KINDNESS IS LIKE SNOW: IT BEAUTIFIES EVERYTHING IT COVERS

Two nights ago it was snowing again, kramsnö this time as the Swedes call it. Kram means hug. Hug snow! The kind that sticks, the kind that you lift your face up for and stick your tongue out to. The kind that mashes down just right in your mittened hands to form a perfect snowball; the kind that you can roll about the yard in serpentine trails that lead to a snowman’s body and torso and head.

We’ve had an awful lot of the powder snow, the light glittery kind that sifts and blows and shines like diamonds in any scrap of light. But beautiful as it is, it’s not nearly as satisfying as the real stuff. Anyway, because it was snowing and rather late, I thought I’d wait on the re-shoveling and just deal with the next day when I came home. It didn’t snow very long so the next morning there was only a dusting on the car and the accumulation on top of what we already had wasn’t that much to speak of. The streets in our village weren’t plowed yet, that early in the morning, so driving was a bit of a slippery challenge, especially whenever we went around a corner, but no worries.

As we drove into the village at the end of the day, I was glad to see the streets had been plowed…until we turned the last corner and I saw that our driveway (which is three cars plus wide) was completely plowed in: to the tune of two feet high and two feet wide and 10 feet long. AAGH. I couldn’t even pull the car into the driveway!

Nothing for it, but to park the car in the street, climb over the embankment, fetch the shovel and start digging. I figured there was no point in shoveling the barrier behind the Volvo: Anders is gone for 2 weeks and it wasn’t going anywhere soon, so I just started removing the piled up snow that was blocking MY car’s entrance. Kramsnö is HEAVY. A quarter of the way through the dike, I straightened up, stretched my aching back and yelled over to my next-door neighbor, who was ALSO unshoveling her plowed-in driveway: “I don’t think it’s so pretty anymore!”

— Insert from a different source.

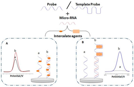Example of biosensor obtained with two DNA label with two RedOx markers; (A) standard design reproduced from [68] with permission of publisher, (B) same approach using amplification strategy reproduced with permission of the publisher from [63].

Back to laboring: chunk, lift, fling; chunk, lift, fling…and suddenly another shovel was next to mine, also digging in, and I looked up to see my across-the-street neighbor smile at me and say, “Looks like you could use some help!” I was halfway done, so he helped me finish it off, clearing the whole driveway space so that I could get the car up. Wasn’t that nice?

We don’t really know our neighbors well. We all smile and wave at each other on sight and say hello and once in awhile someone will stop and chat for a moment, but nothing much more than that. I know that the people in the six houses in the block across the street hang out with each other to some degree, but we’re not part of that circle. They’re all quite a bit younger with much younger children, and we’re all just busy with our separate lives, I guess. Anyway, I thought it was very neighborly. And I noticed afterward how much the snow was sparkling again.